Frodo woke upon a rough rope cot, to a wet cloth daubing at his eyes with some sort of solution, soothing and cool, that trickled in between his lids to dissolve the film within. The female voice said, "You gave me quite a turn, there--for a moment I thought I wouldn't make it back, myself. I see that your troubles began long before the dragon crossed your path." He tried to open his eyes, but the lashes stuck together. She bathed his eyes some more, pouring liquid upon them, catching it with the cloth again. "I am not the King, I fear--I could not free you altogether, though I have driven away the dragon-taint. Yet I think you will find your lot somewhat easier for a time. Your enemy has sustained several great blows in a row, I could tell that much, and mine was not the least. He has pulled away for awhile to lick his wounds." He heard the price of her labors in her voice when she said, "And what an enemy you have, poor waif! I have fought him in this room before--yet I smell no trace of poppy-gum upon you. You must tell me later, when you are stronger, how you ran afoul of the Fallen One."

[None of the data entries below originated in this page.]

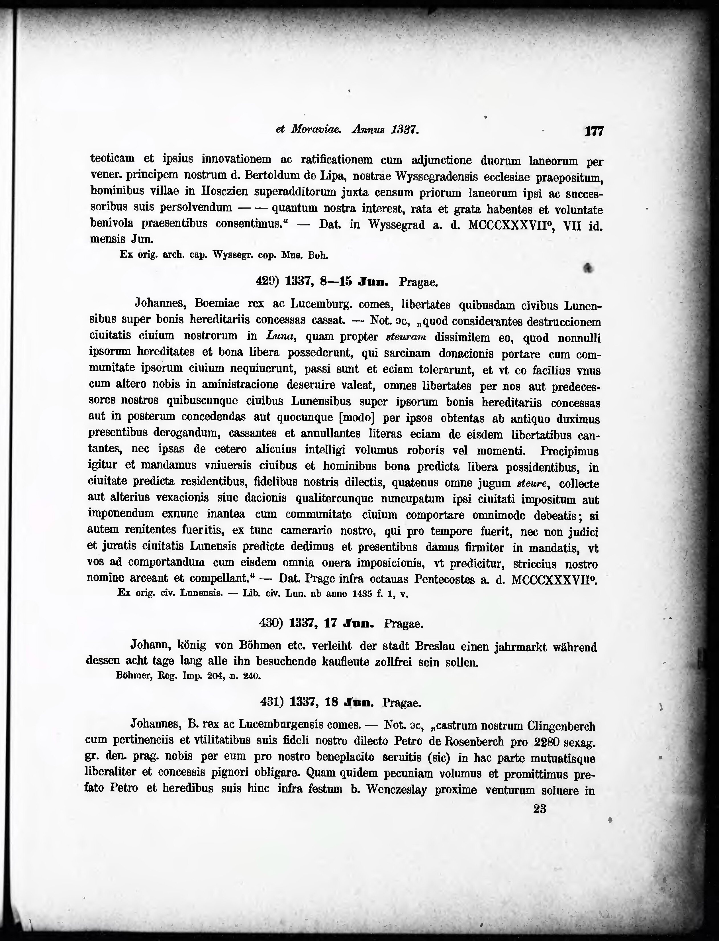 svazek - Regesta diplomatica nec non epistolaria Bohemiae et Moraviae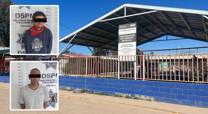 Mexicali, Baja California, a lunes 10 de abril de 2023 / Redacción.- Como resultado de la permanente implementación de acciones preventivas desarrolladas por Policías Municipales, se logró el aseguramiento de dos sujetos que fueron sorprendidos sin autorización al interior de un plantel educativo en la zona sur del valle de Mexicali.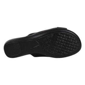 Confeccionado em material de alta qualidade e durabilidade.. Conta com palmilha muito macia, forro acolchoado e solado com salto Anabela medindo 2,5 cm de altura, garantindo conforto e estabilidade ao caminhar.. Modelo slide, com sistema calce fácil garantindo praticidade na sua rotina.. Seu destaque se dá pela faixa no cabedal com pontilhados e aplicação metalizada sobre os pés.. Pode ser usada no dia a dia, lazer ou ocasiões casuais..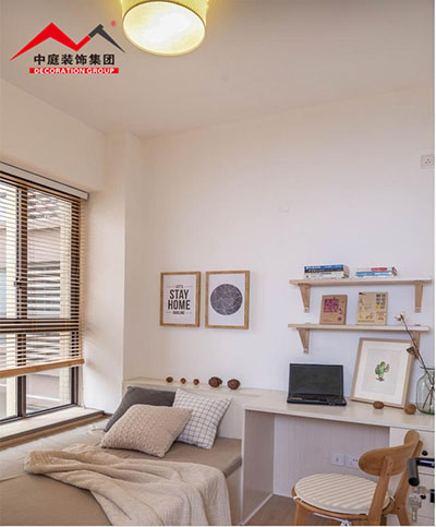 小小的書房在飄窗旁訂制了榻榻米,在美觀舒適的基礎上增加了儲物的功能。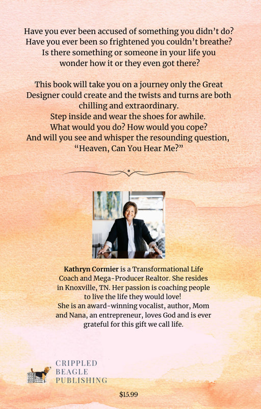 Have you ever been accused of something you didn't do? Have you ever been so frightened you couldn't breathe? Is there a something or someone in your life you wonder how it or they even got there? This book will take you on a journey only the Great Designer could create and the twists and turns are both chilling and extraordinary. Step inside and wear the shoes for awhile. What would you do? How would you cope? And will you see and whisper the resounding question "Heaven, Can You Hear Me?"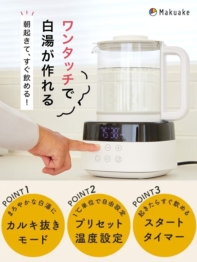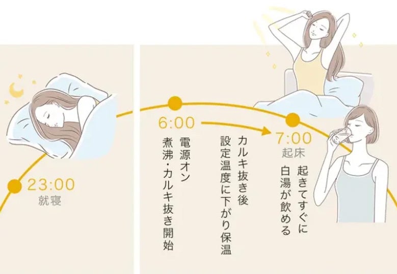 - タイマー機能: 就寝前にセットしておけば、朝起きたときにすぐに飲める白湯が用意されています。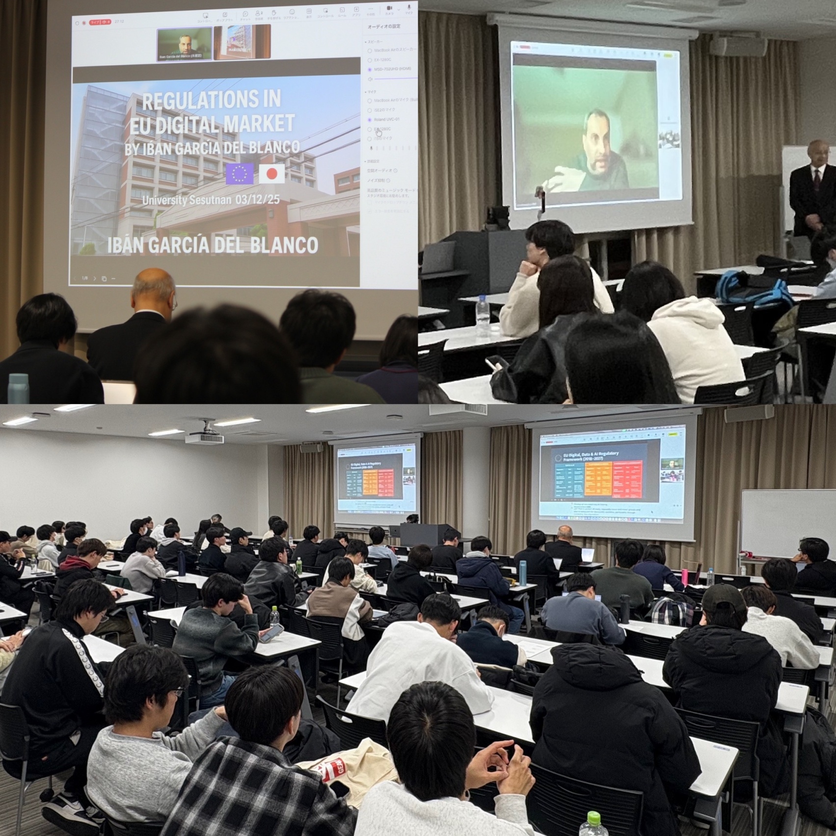 EUの議会にあたる欧州議会は、同議会議員あるいは元議員を世界各地にある大学に派遣し、EUの政策を説明し、学生と対話するという「欧州議会がやってくる!!(European Parliament to Campus)」というプログラムを実施しています。 このプログラムにより、12月8日、経済学部において、「欧州議会が摂南大学にやってくる(European Parliament to Setsunan Campus!! )」と名付けた特別講演会を実施しました。講師は同議会の元議員イバン・ガルシア・デル・ブランコ氏で、「EUにおけるデジタル市場の規制」をテーマとし、ブリュッセルとオンラインで結んで講演していただきました。なお、同氏はスペインのレオン大学出身で、2003年に政界入りし、スペイン国会議員(2012年~2015年)を経て、2019~2024年の間、欧州議会議員に選出されました。弁護士でもある同氏は、欧州議会において法務委員会の副委員長を務められました。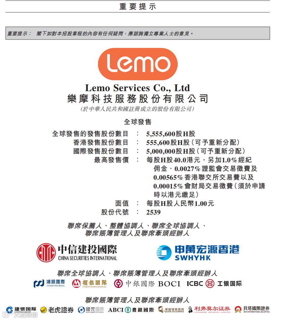 1、招股价格区间浮动太大。根据招股书,樂摩科技(02539.HK)招股价格在$27.00-40.00港元,上下将近50%,定价规则存疑。万一申购成功,定价$40港元,那不是白白买贵了50%?虽然定价在最区间的概率不高,但也不能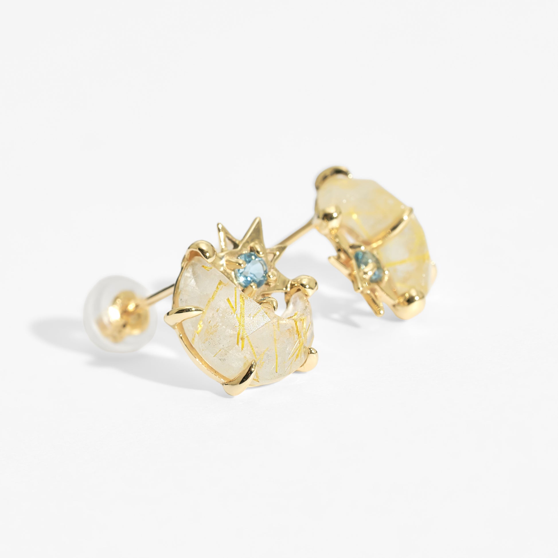 K10 ゴールデンルチルクォーツ ムーン ピアス(03)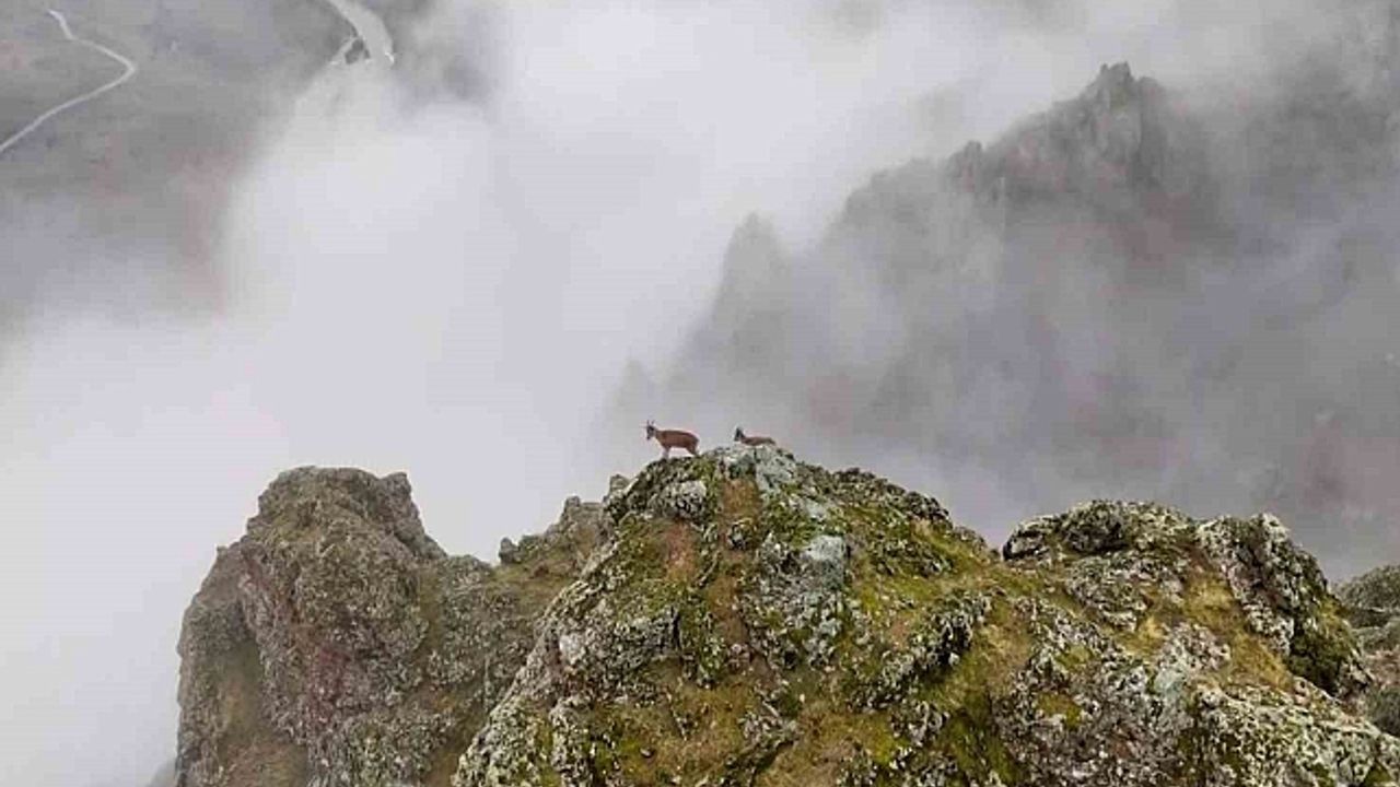 Yaban hayatında zengin bir coğrafyaya sahip Erzincan''da sis bulutlarının arkasındaki yüksek kayalıkları mesken tutan dağ keçilerinin görüntüsü mest etti.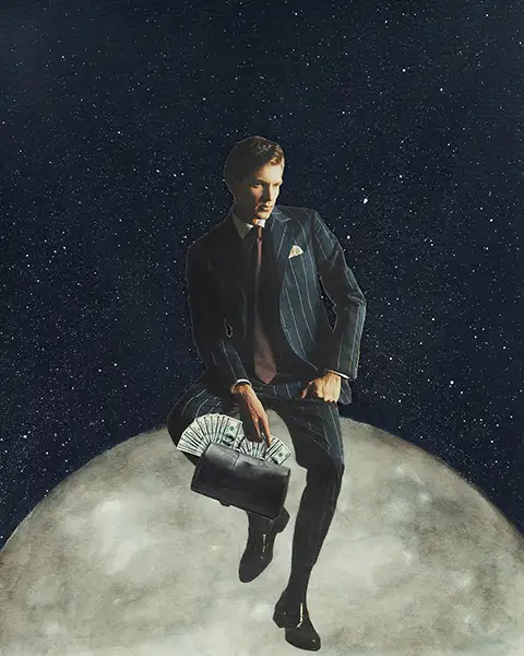 “¡Hasta la luna!” es una sátira sobre la posible colonización y explotación comercial de la Luna. Es el primer capítulo de una serie de trabajos que versan sobre el espacio ultraterreste y las intenciones incipientes de su colonización por parte de la espacie humana. El segundo capítulo previsto es “Marte”.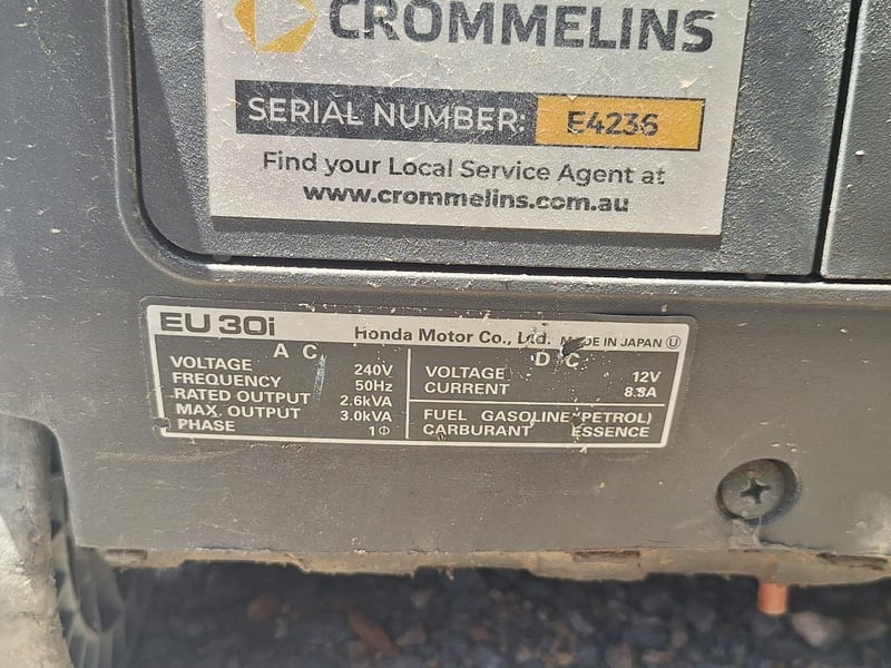 Honda EU30i Inverter, 3kVA, Petrol, Serial No: E4236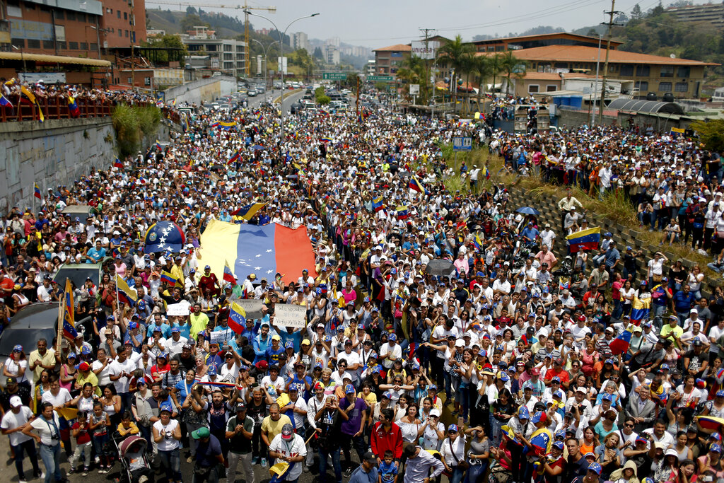 Guaidó, que se declaró presidente interino en desafío a Maduro y que es reconocido como el mandatario legítimo de Venezuela por Estados Unidos y más de 50 países, habló ante una multitud en la ciudad de Los Teques, a unos 20 kilómetros al suroeste de Caracas, la primera escala de una gira por varios poblados del vecino estado Miranda.

From an overworn throat Frodo croaked, "That I will. And thank you! I see no possible way that I could repay what you have done for me."
The beautiful voice chuckled. "My fees are far more modest than your delusions made them, Frodo Gardner. But your attitude encourages me."
The cloth withdrew, and Frodo found that this time he could open his eyes. Faster than the healer expected, in fact, as hobbits are wont to heal. She had not yet pulled down her hood before he saw the face--or what stood in a face's stead. Venom had melted it like Lord Lossarnach's, only worse; she had lost both eyes, nothing remained of her nose but nostrils, and her mouth had become an almost lipless slash. Long white hair framed it, yet the hands upon the hood looked young--her hair had turned white not from age, but from horror. Frodo remembered Bergil's nightmares, and suddenly he understood.
"Fees cannot suffice to thank you," he rasped, "Elenaril."